Aortic pulse-wave velocity (PWV) is a measure of aortic stiffness that has a prognostic role in various diseases and in the general population. A number of methods are used to measure PWV, including Doppler ultrasound. Although echocardiography has been used for PWV measurement, to the authors' knowledge, it has never been tested against an invasive reference method at the same time point. Therefore, the aim of this study was to compare prospectively an echocardiographic PWV measurement, called echo-PWV, with an invasive study.

Methods

Forty-five patients (mean age, 66 years; 60% men) underwent simultaneous intra-arterial pressure recording and echocardiographic Doppler flow evaluation during elective cardiac catheterization. Proximal pressure and Doppler waveforms were acquired in the aortic arch. Distal pressure waveforms were registered in the right and distal Doppler waveforms in the left external iliac artery. Transit time was measured as a delay of the foot of pressure or Doppler waveform in the distal relative to the proximal location. Distance was measured on the catheter for invasive PWV and over the surface for echo-PWV. Echo-PWV was calculated as distance divided by transit time.

Results

In the whole group, mean invasive PWV was 9.38 m/sec and mean echo-PWV was 9.51 m/sec (P = .78). The Pearson' correlation coefficient between methods was 0.93 (P < .0001).
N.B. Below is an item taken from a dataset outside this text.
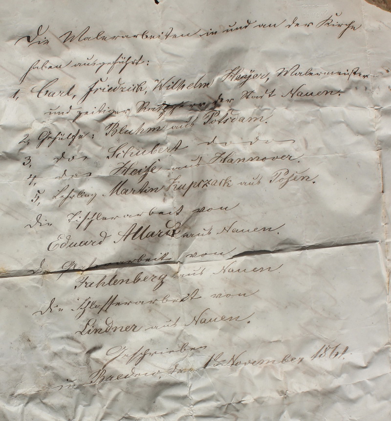 Kirche 1861 Malerarbeiten Die Malerarbeit in und an der Kirche haben ausgeführt: 1.Carl Friedrich Wilhelm Heyer, Malermeister und zeitiger Rathsherr der Stadt Nauen. 2. Gehülfe: Bluhm aus Potsdam 3. " Schubert " 4. " Heise aus Hannover 5. Lehrling Martin Kupczack aus Posen die Tischlerarbeit von Eduard Allardt aus Nauen die Glaserarbeit von Fahlenberg aus Nauen die Schlosserarbeit von Lindner aus Nauen geschrieben in Bredow den 1. November 1861 |
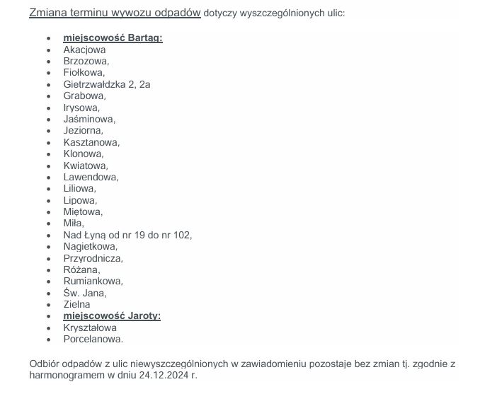 Informacja o zmianie terminu wywozu odpadów zmieszanych z miejscowości Bartąg i Jaroty

A Bland-Altman plot revealed a mean difference between invasive PWV and echo-PWV of 0.13 ± 0.79 m/sec.

Conclusions

Echo-PWV, based on Doppler echocardiography, is a reliable method of aortic PWV measurement, with a close correlation with invasive assessment. Wider implementation of the echo-PWV method for the evaluation of aortic wall stiffness can further expand the clinical and scientific utility of echocardiography.